(DATA PROVIDED)

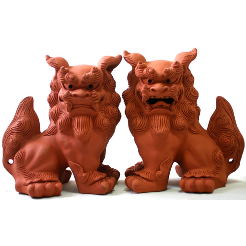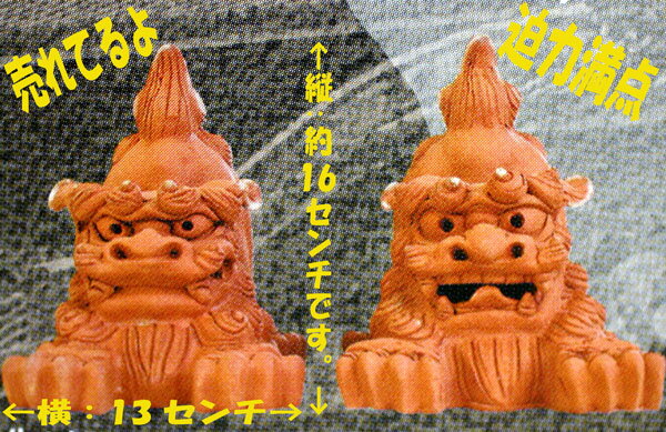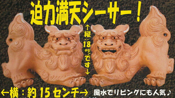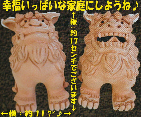 ★ 商品内容 迫力満点で大人気!琉球焼きシーサー:風水、開運に♪(ペア) ★ サイズ 1体の大きさ 縦:約20センチ×横:約15センチ×奥行:10センチ ★ 配送方法 ※今だけ、送料、代引き当社負担デス♪ ★ オススメポイント! 沖縄県内でもこれだけ大きいシーサーを玄関に飾っている御自宅はありません!大きな家にもピッタリですが、マンション等の玄関先に飾るのも風格があり良いと思います。とにかくこのサイズになりますと「重厚感」「風格」がございます。リビング等の広めのお部屋にはとても縁起の良い、「幸福黄金獅子大サイズ」もオススメです♪店長の私は玄関、子供部屋、寝室に「風水シーサー」、リビングに「幸福
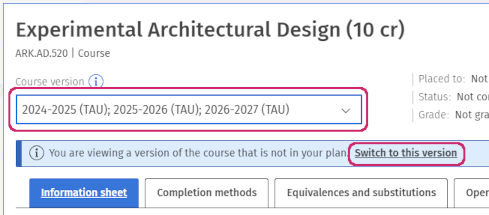 3. For each course, select the version that includes the academic year you are registering for. (First, select the version from the drop-down menu and then select Switch to this version.)
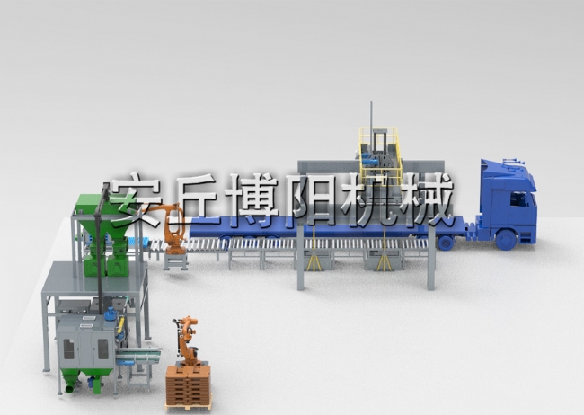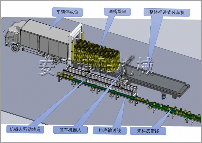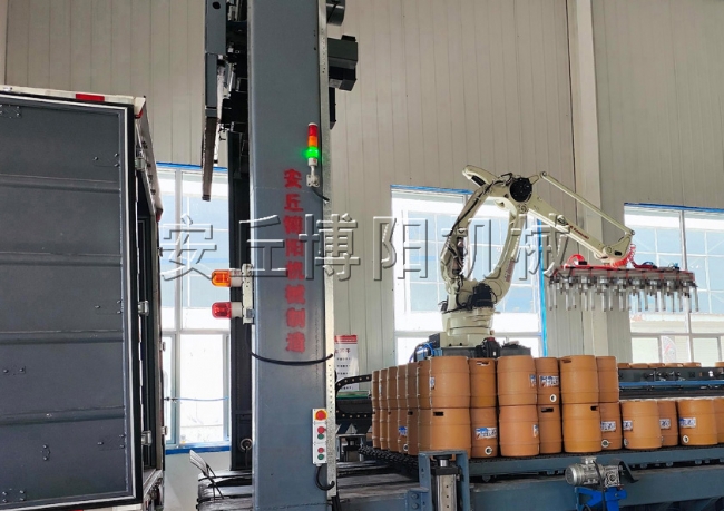 集装箱全自动装车机解决方案:用于桶装、袋装、纸箱等的码垛装车,应用车型:平板、集装箱、货柜等。

(End DATA PROVIDED)

» **ABOUT THIS EXERCISE**
Your answer should be every line above, written out exactly, with no pictures.

» **ANSWER TO THIS TASK**
 ★ 商品内容 迫力満点で大人気!琉球焼きシーサー:風水、開運に♪(ペア) ★ サイズ 1体の大きさ 縦:約20センチ×横:約15センチ×奥行:10センチ ★ 配送方法 ※今だけ、送料、代引き当社負担デス♪ ★ オススメポイント! 沖縄県内でもこれだけ大きいシーサーを玄関に飾っている御自宅はありません!大きな家にもピッタリですが、マンション等の玄関先に飾るのも風格があり良いと思います。とにかくこのサイズになりますと「重厚感」「風格」がございます。リビング等の広めのお部屋にはとても縁起の良い、「幸福黄金獅子大サイズ」もオススメです♪店長の私は玄関、子供部屋、寝室に「風水シーサー」、リビングに「幸福
 3. For each course, select the version that includes the academic year you are registering for. (First, select the version from the drop-down menu and then select Switch to this version.)
 集装箱全自动装车机解决方案:用于桶装、袋装、纸箱等的码垛装车,应用车型:平板、集装箱、货柜等。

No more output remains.